[Provided material]
*** Begin section ***

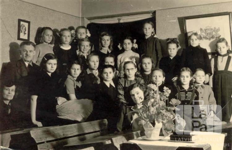 Svētdienas skola Bambergas nometnē (amerikāņu zonā). Bērni un pieaugušie iekštelpās. Cilvēki vairākās rindās. Priekšplānā ir galds ar puķu podu un grāmatām, kā arī koka soli. Aizmugurē, kreisajā pusē pie sienas, ir sievietes attēls. Aizmugurē, labajā pusē pie sienas, ir ierāmēts Latvijas ģerbonis. No kreisās: pirmā ? Cinauta (skolotāja, sēž) un otrais ? Brencis (mācītājs, stāv).
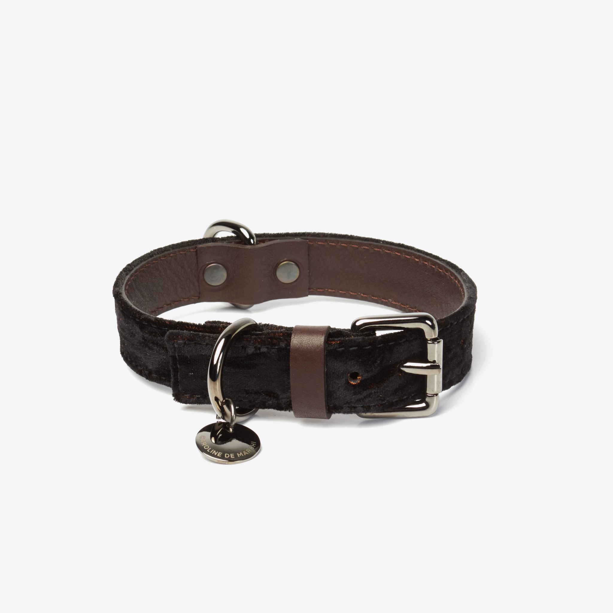 Toujours à la recherche de l’objet unique, hors mode et particulier, Caroline De Marchi propose la personnalisation de ses modèles, des initiales gravées sur les colliers et laisses aux bandoulières interchangeables, qu’elle peut varier et transformer selon ses humeurs.
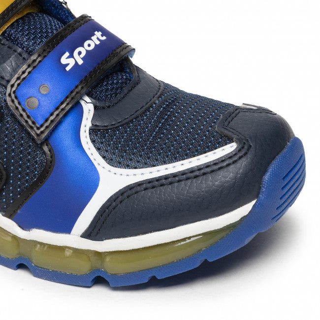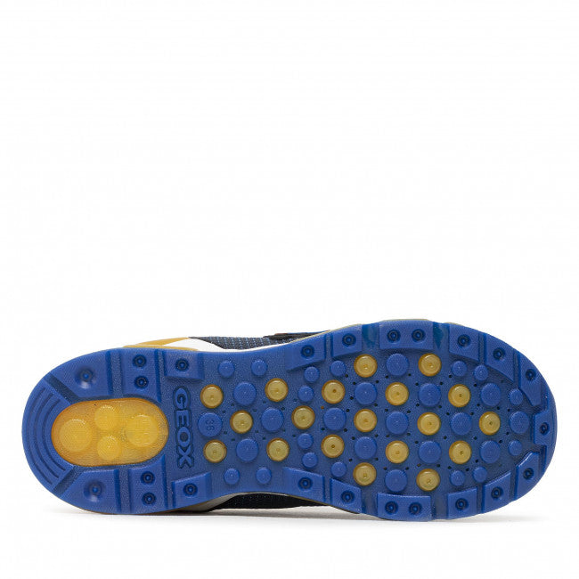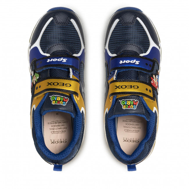 Junior's comfortable breathable sneaker dedicated to the most famous video game plumber in the world. Created for fans of Super Mario everywhere, the Android sneaker exudes spirited stylishness while ensuring a blissful sensation of well-being. It features an upper crafted from nylon and a leather-effect material in a royal-blue-and-yellow colourway. The lights built into the transparent outsole can be activated via the on/off switch on the upper and add an irresistible finishing touch.
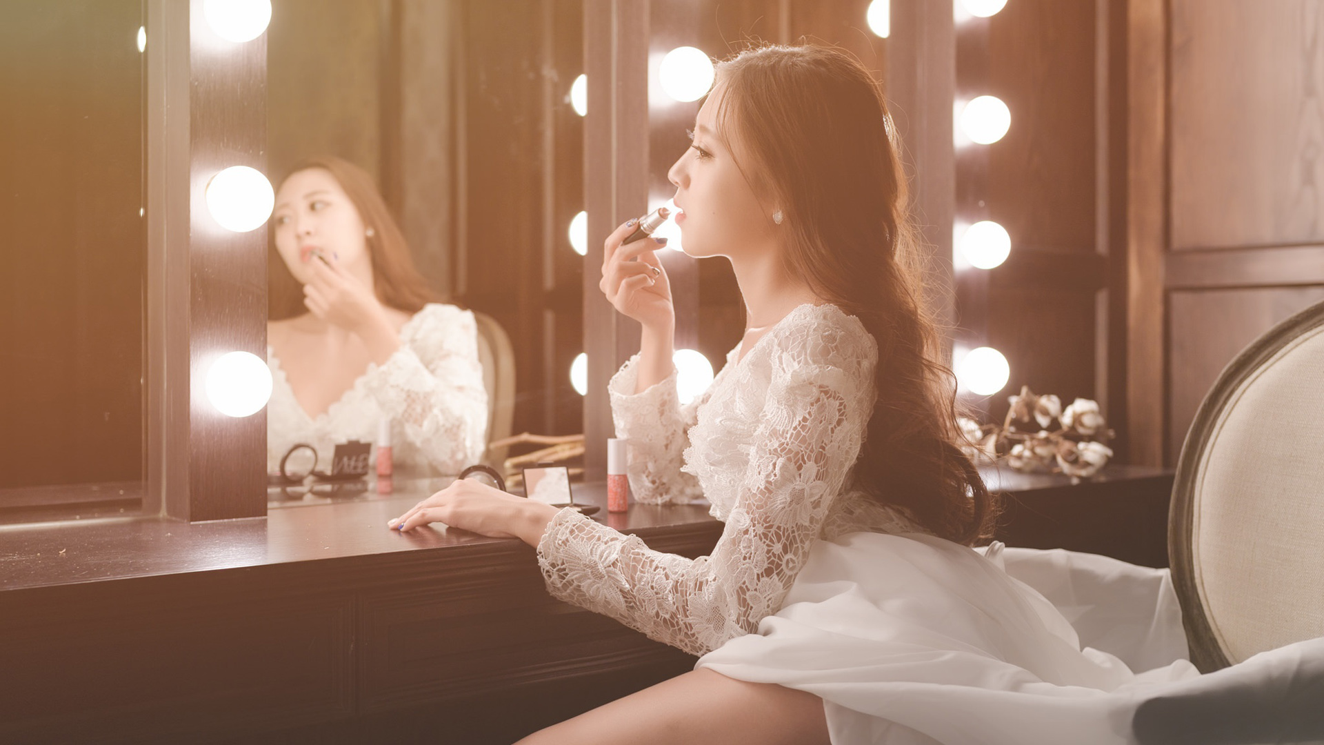 晚上白裙子长发漂亮美女免费电脑壁纸下载

*** End section ***

[Work required]
Extract only the lines from the line containing "Junior's comfortable breathable" through the final line of the listing above, unchanged; pictures stay out of the copy.

[Solution for this task]
 Junior's comfortable breathable sneaker dedicated to the most famous video game plumber in the world. Created for fans of Super Mario everywhere, the Android sneaker exudes spirited stylishness while ensuring a blissful sensation of well-being. It features an upper crafted from nylon and a leather-effect material in a royal-blue-and-yellow colourway. The lights built into the transparent outsole can be activated via the on/off switch on the upper and add an irresistible finishing touch.
 晚上白裙子长发漂亮美女免费电脑壁纸下载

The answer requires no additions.